The review, the most comprehensive for 20 years, is likely to be compared to the controversial changes proposed for the police force in the Sheehy report.

Ministers confirmed that it could lead to some grades being abolished and others being given higher pay for higher qualifications.

Jeremy Hanley, the Minister for the Armed Forces, confirmed in a written answer in the Commons that a major independent review of service career and manpower structures, including terms and conditions of service, was being planned.

He said it would 'ensure that we have arrangements which are appropriate to the early part of the 21st century'.

The Government is planning a review team comprising an independent chairman and three or four independent members. The study will last about a year and the names will be revealed shortly.

The review is part of the cost-saving 'Front Line First' scrutiny. It will be separate from the annual review of pay by the Armed Forces Pay Review Body, which Mr Hanley said would make recommendations in its normal way for the pay round next January.

The review team will be given carte blanche to report back on the structure of the pay grades. Ministers are already preparing to merge the posts of chaplain for the three services, and more streamlining of roles is expected.

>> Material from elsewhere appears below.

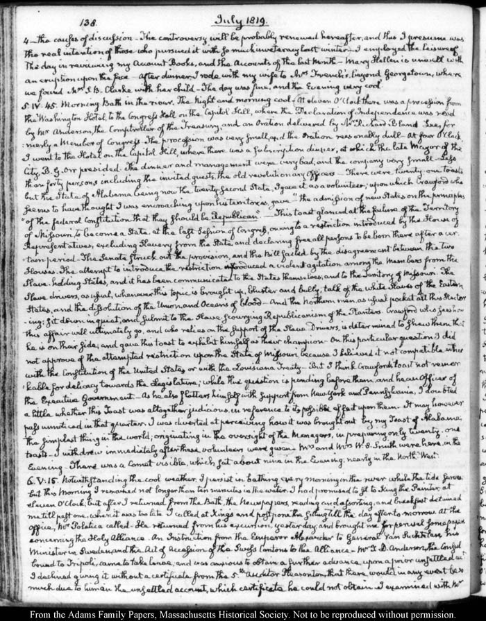 View full, authoritative transcriptions with page images of the diaries at John Quincy Adams Digital Diary part of the Primary Source Cooperative at the MHS.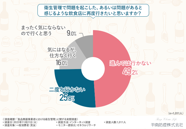 「衛生管理で問題を起こした、あるいは問題があると感じるような飲食店に再度行きたいと思いますか?」と質問したところ、『進んでは行かない(49.2%)』『二度と行かない(25.8%)』『気にはなるが、仕方なく行く(16.0%)』『まったく気にならないので行くと思う(9.0%)』という回答結果になりました。

But ministers also expect the team to look at detailed changes to allowances for the armed forces. These include removal costs, and additional payments for flying, the cost of living in London, extra pay for serving in Northern Ireland and separation allowances - paid to married personnel to compensate them for the stress of separation.

The Government was forced to back down over recommendations of performance-related pay and fixed-term contracts for the lower ranks in the police under the Sheehy report. The armed services already have short-term contracts and there could be a row if ministers seek to impose performance-related pay on its fighting arm, although the system has been introduced for civilian staff.

Senior officers in the armed forces were awarded increases of 2.75 per cent from April but the Cabinet refused to implement the pay rises of up to 4.4 per cent recommended by the pay review for the lower ranks in the armed forces.

It was the only one of the five pay review body reports not to be implemented in full. The Cabinet decided that this could not be afforded and agreed to pay an increase of 3.6 per cent in two stages.